__Exercise objective__
Set the data down again, exactly as it reads, but without the pictures.

__Exercise data__
+ + + +

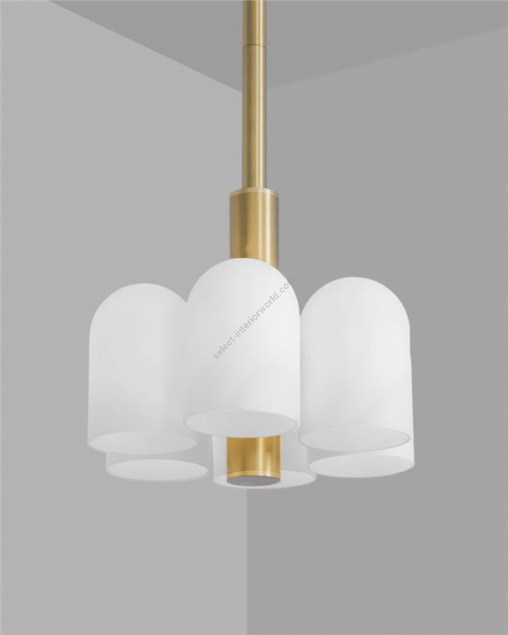 Influenced by the fashions of the future, in large and small scale. A honeycomb structure of six glass shades suggests stored energy. Gracefully suspended with a central brass shaft, the structure echoing its potential.
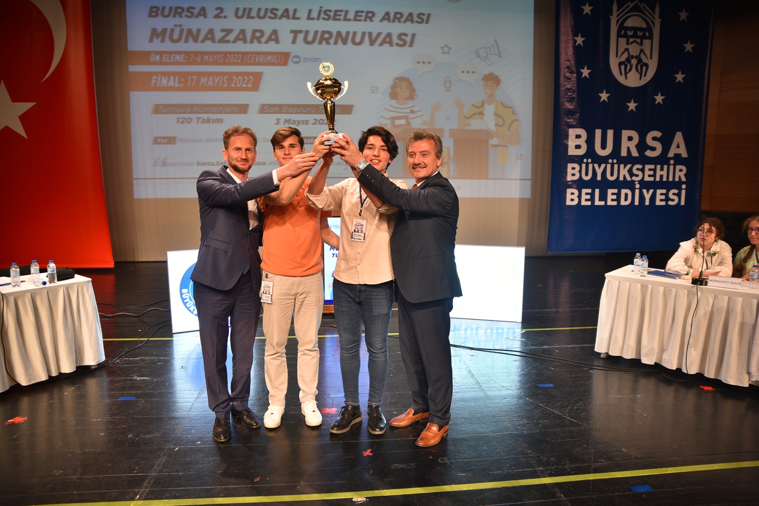 BURSA – Bursa Büyükşehir Belediyesi’nin İl Milli Eğitim Müdürlüğü işbirliğiyle ikincisini düzenlediği Liselerarası Ulusal Münazara Turnuvası’nın şampiyonu, BTSO Ali Osman Sönmez Sosyal Bilimler Lisesi’nden Alper Akman ile Efe Dönmez’den oluşan Mimoza takımı oldu.
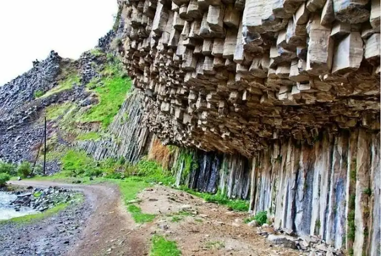 Это результат застывания базальтовой лавы, состоящей из диоксида кремния и оксидов металлов. Когда такая лава отвердевает, часто образуются полигональные формы.

+ + + +

__Result__
 Influenced by the fashions of the future, in large and small scale. A honeycomb structure of six glass shades suggests stored energy. Gracefully suspended with a central brass shaft, the structure echoing its potential.
 BURSA – Bursa Büyükşehir Belediyesi’nin İl Milli Eğitim Müdürlüğü işbirliğiyle ikincisini düzenlediği Liselerarası Ulusal Münazara Turnuvası’nın şampiyonu, BTSO Ali Osman Sönmez Sosyal Bilimler Lisesi’nden Alper Akman ile Efe Dönmez’den oluşan Mimoza takımı oldu.
 Это результат застывания базальтовой лавы, состоящей из диоксида кремния и оксидов металлов. Когда такая лава отвердевает, часто образуются полигональные формы.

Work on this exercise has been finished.